§ **Task prompt**
Which lines in the records below contain the word "Face"? Copy each of them.
###
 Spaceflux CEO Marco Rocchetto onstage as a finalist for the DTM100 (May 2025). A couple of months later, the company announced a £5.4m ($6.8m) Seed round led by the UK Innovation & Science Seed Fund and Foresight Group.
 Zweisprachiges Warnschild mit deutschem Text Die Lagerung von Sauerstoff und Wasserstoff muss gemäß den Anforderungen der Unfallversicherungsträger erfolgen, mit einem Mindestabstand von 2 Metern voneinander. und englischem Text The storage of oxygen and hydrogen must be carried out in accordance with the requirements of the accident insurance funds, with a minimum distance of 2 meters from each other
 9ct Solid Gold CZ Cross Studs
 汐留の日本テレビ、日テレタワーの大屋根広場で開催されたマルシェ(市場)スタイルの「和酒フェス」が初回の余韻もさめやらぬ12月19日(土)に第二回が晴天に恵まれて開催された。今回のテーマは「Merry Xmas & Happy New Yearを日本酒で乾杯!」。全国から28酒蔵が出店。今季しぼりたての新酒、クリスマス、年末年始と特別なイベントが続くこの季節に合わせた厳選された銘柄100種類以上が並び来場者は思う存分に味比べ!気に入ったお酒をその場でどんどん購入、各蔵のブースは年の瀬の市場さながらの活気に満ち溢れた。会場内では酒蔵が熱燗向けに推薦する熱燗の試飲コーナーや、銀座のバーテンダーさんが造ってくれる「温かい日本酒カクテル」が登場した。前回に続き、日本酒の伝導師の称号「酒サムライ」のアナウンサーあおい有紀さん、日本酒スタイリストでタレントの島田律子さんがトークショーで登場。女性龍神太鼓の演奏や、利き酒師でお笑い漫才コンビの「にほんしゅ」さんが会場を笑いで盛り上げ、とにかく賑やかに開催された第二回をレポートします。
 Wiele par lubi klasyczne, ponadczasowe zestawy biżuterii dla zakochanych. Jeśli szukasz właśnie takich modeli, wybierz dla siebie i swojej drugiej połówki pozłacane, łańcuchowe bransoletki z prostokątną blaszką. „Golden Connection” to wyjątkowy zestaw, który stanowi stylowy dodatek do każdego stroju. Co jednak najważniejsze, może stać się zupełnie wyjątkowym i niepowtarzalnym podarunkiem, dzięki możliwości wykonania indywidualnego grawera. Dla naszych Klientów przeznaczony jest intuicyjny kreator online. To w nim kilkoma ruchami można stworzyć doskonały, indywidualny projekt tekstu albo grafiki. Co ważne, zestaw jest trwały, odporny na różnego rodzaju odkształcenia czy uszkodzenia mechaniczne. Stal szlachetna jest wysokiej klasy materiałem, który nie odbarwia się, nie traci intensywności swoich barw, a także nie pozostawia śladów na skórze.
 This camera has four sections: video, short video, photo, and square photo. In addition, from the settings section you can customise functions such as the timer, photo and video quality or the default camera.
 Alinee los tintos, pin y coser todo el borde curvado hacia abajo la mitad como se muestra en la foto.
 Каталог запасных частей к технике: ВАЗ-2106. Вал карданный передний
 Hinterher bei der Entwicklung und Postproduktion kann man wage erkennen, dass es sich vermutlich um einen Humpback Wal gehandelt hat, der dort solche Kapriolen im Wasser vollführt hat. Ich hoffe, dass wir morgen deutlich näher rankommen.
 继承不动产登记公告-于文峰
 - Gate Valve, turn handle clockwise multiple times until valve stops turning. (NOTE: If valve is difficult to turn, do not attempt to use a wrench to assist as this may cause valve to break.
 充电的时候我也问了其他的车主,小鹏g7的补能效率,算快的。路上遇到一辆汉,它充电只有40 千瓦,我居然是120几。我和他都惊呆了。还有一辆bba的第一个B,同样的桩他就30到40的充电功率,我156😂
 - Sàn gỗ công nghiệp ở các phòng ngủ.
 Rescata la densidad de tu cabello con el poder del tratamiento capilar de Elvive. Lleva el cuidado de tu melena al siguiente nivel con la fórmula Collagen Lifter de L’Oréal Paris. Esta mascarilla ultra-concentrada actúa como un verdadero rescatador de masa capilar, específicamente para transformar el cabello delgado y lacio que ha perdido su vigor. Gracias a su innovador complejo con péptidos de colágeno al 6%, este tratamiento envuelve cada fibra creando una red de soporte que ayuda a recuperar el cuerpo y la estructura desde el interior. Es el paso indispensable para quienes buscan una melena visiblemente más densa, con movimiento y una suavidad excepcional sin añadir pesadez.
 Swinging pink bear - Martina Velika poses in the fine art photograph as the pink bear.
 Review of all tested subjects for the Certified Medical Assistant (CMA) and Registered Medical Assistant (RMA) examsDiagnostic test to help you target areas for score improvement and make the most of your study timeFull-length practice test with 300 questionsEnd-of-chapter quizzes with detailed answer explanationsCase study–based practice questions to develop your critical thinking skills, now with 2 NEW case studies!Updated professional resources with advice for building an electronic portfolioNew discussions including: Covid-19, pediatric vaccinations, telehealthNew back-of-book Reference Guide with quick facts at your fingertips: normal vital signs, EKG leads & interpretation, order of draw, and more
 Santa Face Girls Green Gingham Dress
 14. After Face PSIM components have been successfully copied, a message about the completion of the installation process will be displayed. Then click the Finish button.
###
§ **Answer to this problem**
 Santa Face Girls Green Gingham Dress
 14. After Face PSIM components have been successfully copied, a message about the completion of the installation process will be displayed. Then click the Finish button.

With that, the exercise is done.